While setting up for the livestream, Frankie learns that Isabelle committed suicide due to the humiliation of her appearance and Link's accusations. When Link is more concerned about his public image than her death, Frankie reveals she knows the truth about him and storms out. During the livestream, which includes a memorial for Isabelle, Link gives his condolences but then veers off-script into a manic, vulgar monologue, refusing to accept blame for her death and instead ranting against the toxicity of social media and its oppressive hold over its audience. In an attempt to go even further, Link reveals his name is actually Alex Goodrich and invites the audience to support them only if they're willing to rebel against the mainstream. As he departs the stage, the gathered crowd applauds and starts chanting his name as he turns and smiles at the camera. Frankie and Jake later reconcile at Isabelle's memorial.

==Production==
In October 2018, it was announced Andrew Garfield, Maya Hawke, Nat Wolff and Jason Schwartzman had joined the cast of the film, with Gia Coppola directing from a screenplay she wrote alongside Tom Stuart. Fred Berger will serve as a producer under his Automatik banner. In May 2019, Johnny Knoxville, Chris Messina, Alexa Demie and Colleen Camp joined the cast of the film, with Coppola, Zac Weinstein, Lauren Bratman, Enrico Saraiva, Francisco Rebelo de Andrade and Jack Heller would serve as producers under their American Zoetrope, Tugawood, Assemble Media and Dynasty Pictures banners.
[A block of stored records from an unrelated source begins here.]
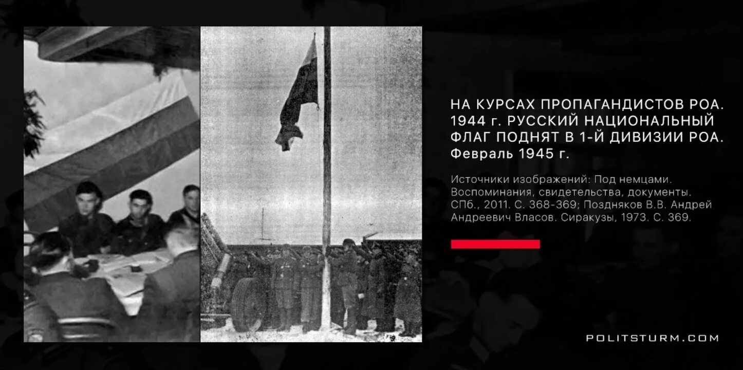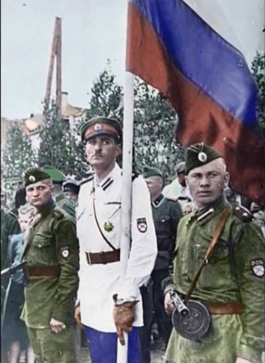 Википедия говорит обратное: "При формировании русскоязычных военных подразделений были попытки использования в эмблематике триколора, двуглавого орла, белого, синего и красного цветов, что было запрещено германским командованием. В связи с этим, главным русским национальным символом, использовавшимся во власовской Русской освободительной армии, стал не бело-сине-красный, а Андреевский флаг, появившийся на нарукавных эмблемах РОА. Над лагерем Дабендорф, в котором происходило формирование русскоязычных соединений в 1943 году, рядом с немецким флагом располагался Андреевский флаг[4], что подтверждено документальными фотографиями. Также Андреевский крест использовался в пропагандистской печати РОА."
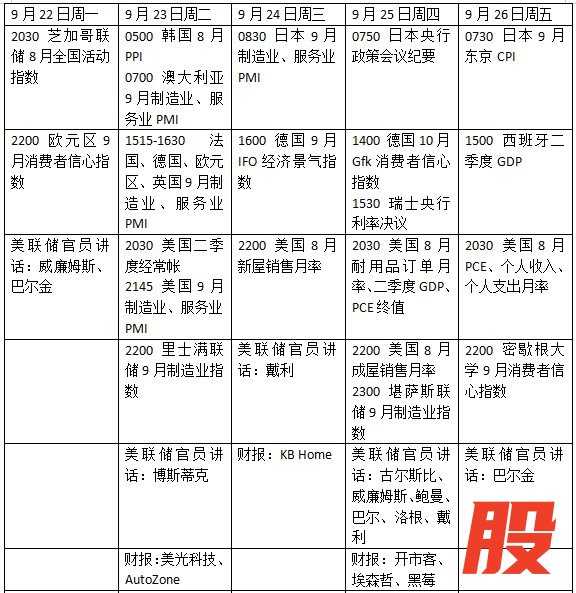 财报方面,未来一周美光科技、好市多和埃森哲等将发布财报。
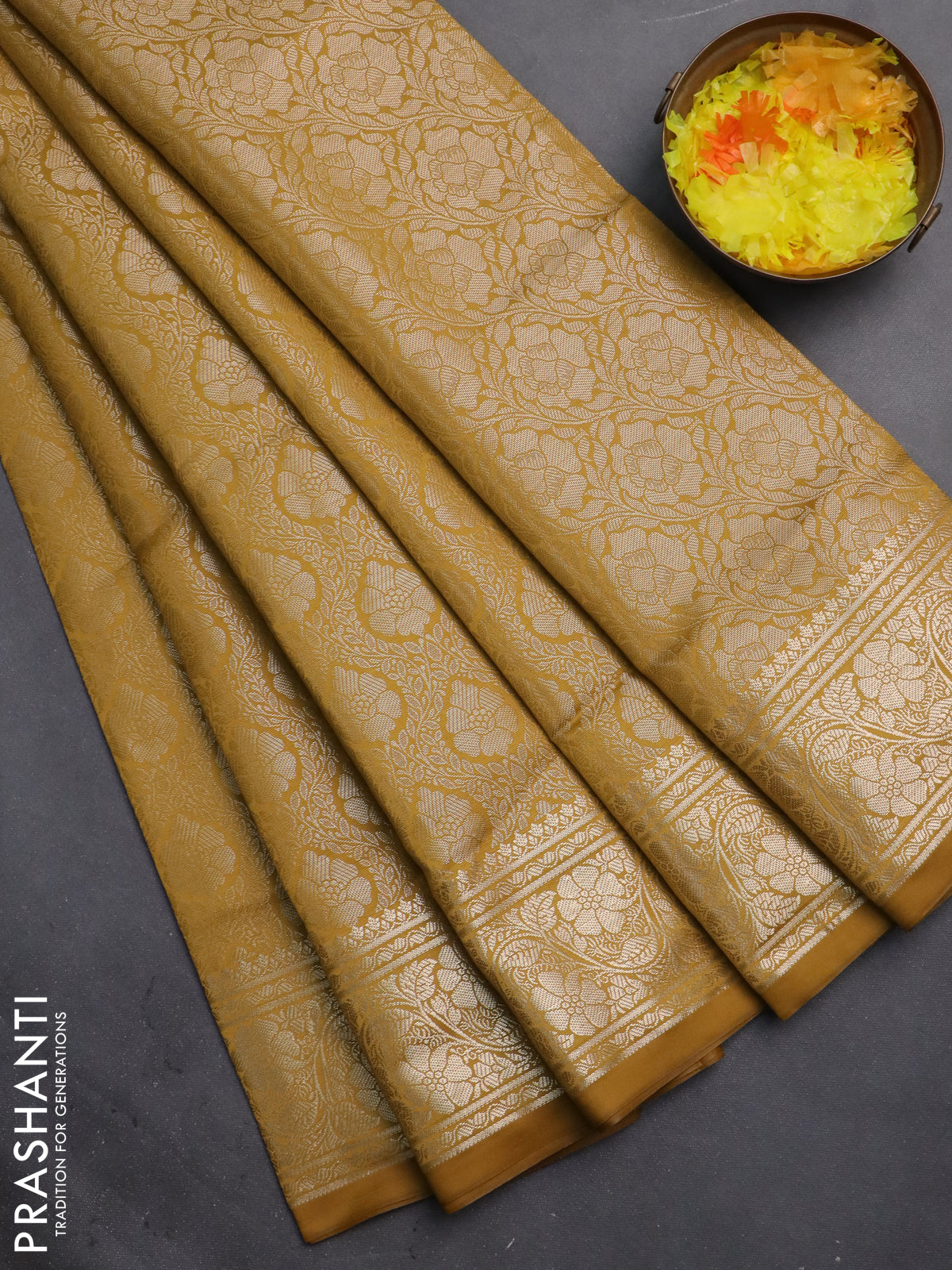 Semi soft silk saree mustard yellow with allover zari woven brocade weaves -Without blouse

Principal photography began in May 2019. Production concluded on June 14, 2019.

==Release==
The film had its world premiere at the Venice Film Festival on September 5, 2020. It was also selected to screen at the Telluride Film Festival in September 2020, prior to its cancellation due to the COVID-19 pandemic. In February 2021, IFC Films acquired U.S. distribution rights to the film and set it for a May 7, 2021, release.

==Reception==
On review aggregator website Rotten Tomatoes, Mainstream holds an approval rating of 42% based on 36 reviews, with an average rating of . The site's critics consensus reads: "Mainstream makes a vain attempt to satirize viral fame, settling instead for obvious commentary that feels painfully dated." On Metacritic, the film has a weighted average score of 36 out of 100, based on eight critics, indicating "generally unfavorable reviews".